Thursday, December 5, 2013

Surprise!

I never imagined I'd be writing a post like this...at least not for a REALLY long time.

Since our journey with getting pregnant with Benjamin was longer and more difficult than most and I was (at the time) nursing him, we figured we didn't need to worry about having another baby for a while. Well...

SURPRISE!!!

Yup, we are expecting again, due sometime the first week of July next year. Believe me, we were surprised probably more than you are. Seriously.



I had been a little nauseated here and there for about a week now and although I was 3 weeks "late," I didn't think anything of it since I'm typically all over the place anyway. Stephen and I joked about being pregnant again for a while, but that's all they were-jokes. We didn't actually believe we could be.

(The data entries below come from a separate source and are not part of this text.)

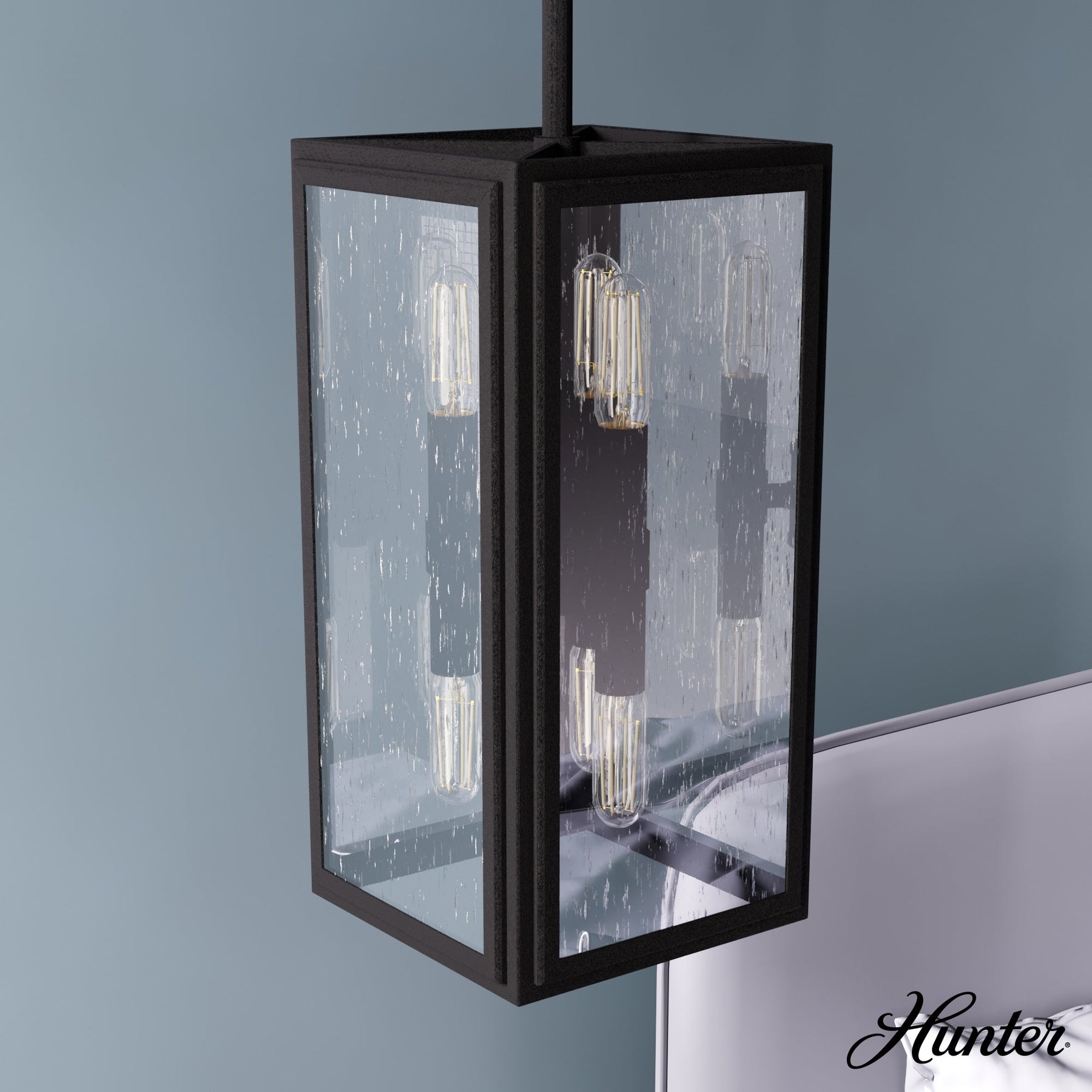 Hunter Felippe 6-Light Natural Iron Modern/Contemporary Seeded Glass Lantern LED Mini Hanging Pendant Light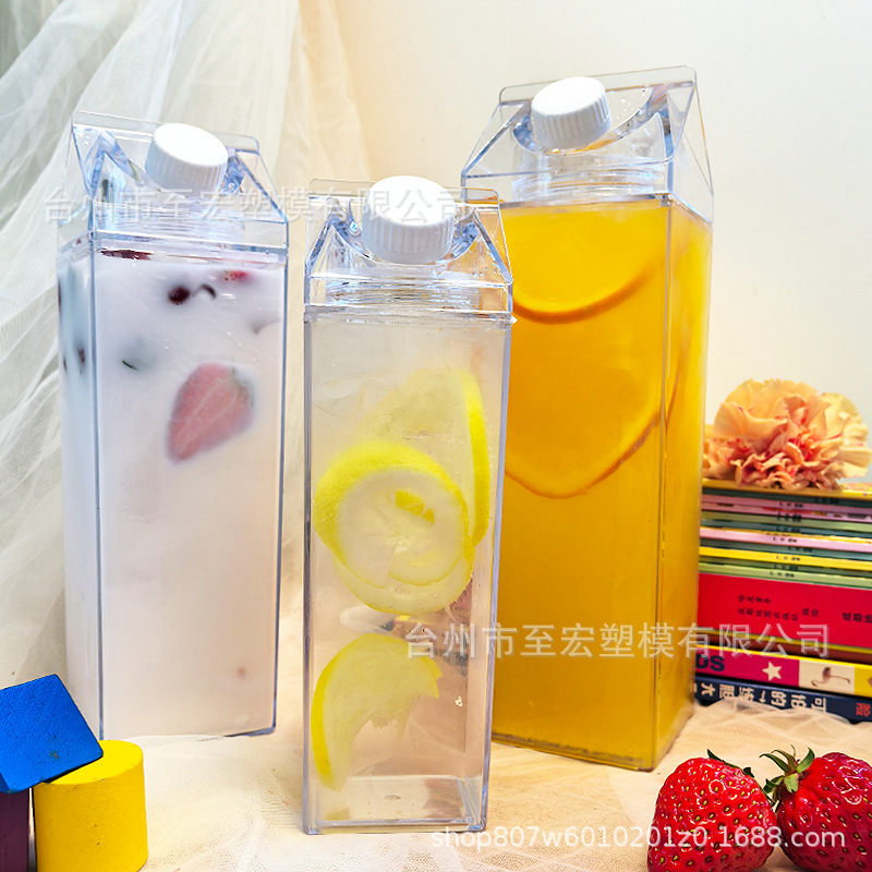 新型透明シンプル牛乳カップ透明psプラスチック角型コップ創意アニメ牛乳瓶印刷LOGO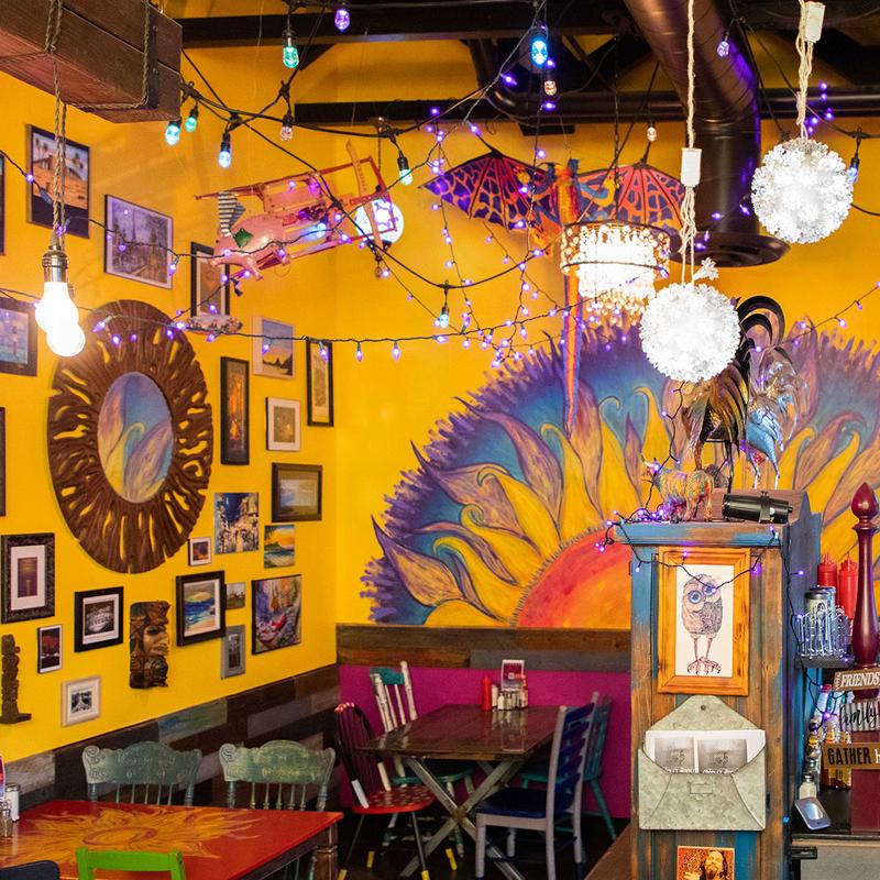 I wanted brunch on my day off and found the Violet Rooster. What an amazing little restaurant. The core is eclectic and beautiful. There are eight types of mimosas and amazing specialty cocktails. And the portions are huge. Everything was delicious and the wait staff was welcoming. I can't wait to come here again!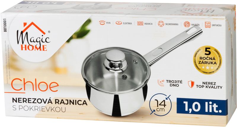 Rajnica MagicHome Chloe je ideálnym riešením pre každodenné varenie a prípravu jedál.S priemerom 14 cm a objemom 1 literponúka spojenie špičkovej kvality, moderného dizajnu a praktického využitia.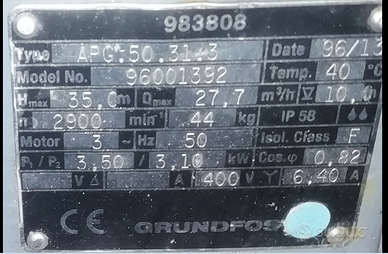 APG 50.31, volt 380 trifase, kw. 3,10, amp. 6,40- capacità , metri cubi ora, 27,70 - prevalenza in altezza, metri 35.-al prezzo cadauno di euro

After a while longer we started getting a little more concerned and decided to test, just to put ourselves at ease. When the tests (yes, I took a couple) came up strong positives, I burst into tears- and not happy ones, mind you. I shoved the evidence at Stephen and said, in the gloomiest voice you've ever heard an expectant mother use, "We're pregnant." Then I cried some more. I was so sad- sad that I didn't have more time not sick and fatigued to enjoy my son's first year and stages, sad that time with Stephen would become even more scarce, and sad that I felt sad about this new baby's arrival. I was also so very afraid- afraid of the judgements and harsh comments that would surely come, afraid of how I would be about to handle two little ones under the age of two, afraid that I couldn't be the mother I wanted to be, afraid that we simply could not afford another baby, and afraid that I'd never be happy about this baby. This was quite a different response than the one we had when we were expecting Benjamin and it terrified me.

Stephen and I were both in denial for a while (sometimes I still feel like I am), but after another strong positive test and a "congratulations!" from the nurse, it began to sink in; we were seriously having another baby, and so soon after Benjamin! They will be about 15 months apart in age, which is 9 months closer than we originally wanted. Overwhelmed is the only word that can even begin to describe how I felt.

One night, in desperate need of some counsel and perspective, Stephen and I had his father, Claron, over. After talking to him and telling him all of our honest feelings and receiving a blessing each, Stephen and I began to see the tiniest rays of hope. We even began to feel a little happier about our news.

Over the next week, we were blessed with many little tender mercies. They consisted mostly of visits from family with kind and loving words of support and encouragement. They may never truly know the depth of how their kindness and love and support sustained me; I was more than grateful. Whenever Stephen and I told someone our news and they reacted with excitement and happiness, I felt like I was getting closer to feeling those things myself-another tender mercy.

A powerful lesson I've learned so far is about judging others. We all do it. I certainly do it! As I have hoped and prayed for the kindness of others and the deterring of ridicule and harsh criticism, I've come to realize that many of us, if not all of us, at some point or another has this simple plea for kindness in their hearts. I think that everyone at some point has a deep desire for others to just understand and love. And what a powerful thing it was for me to realize that a little bit of love and compassion can truly heal a frightened, sorrowful, confused heart, and how assumptions, speaking ill words, and harsh judgement can destroy the very heart in need of love and compassion.

We are all on this journey called life, with twists and turns and unexpected (and sometimes unwanted) surprises and bumps in the road (or belly, in my case). If we (myself included) could all just remember that everyone has their own set of trials and challenges, and that kindness and love instead of judgement could have the power to lift those people out of darkness, maybe, just maybe, this journey could be a more happy one.

I do not understand why God has this unexpected (and terrifying!) blessing in store for us, and it may be a while until I do, but I do know that I am already learning SO MUCH about what it means to truly become Christlike, to sacrifice my own will to accept God's, and about the choice of happiness.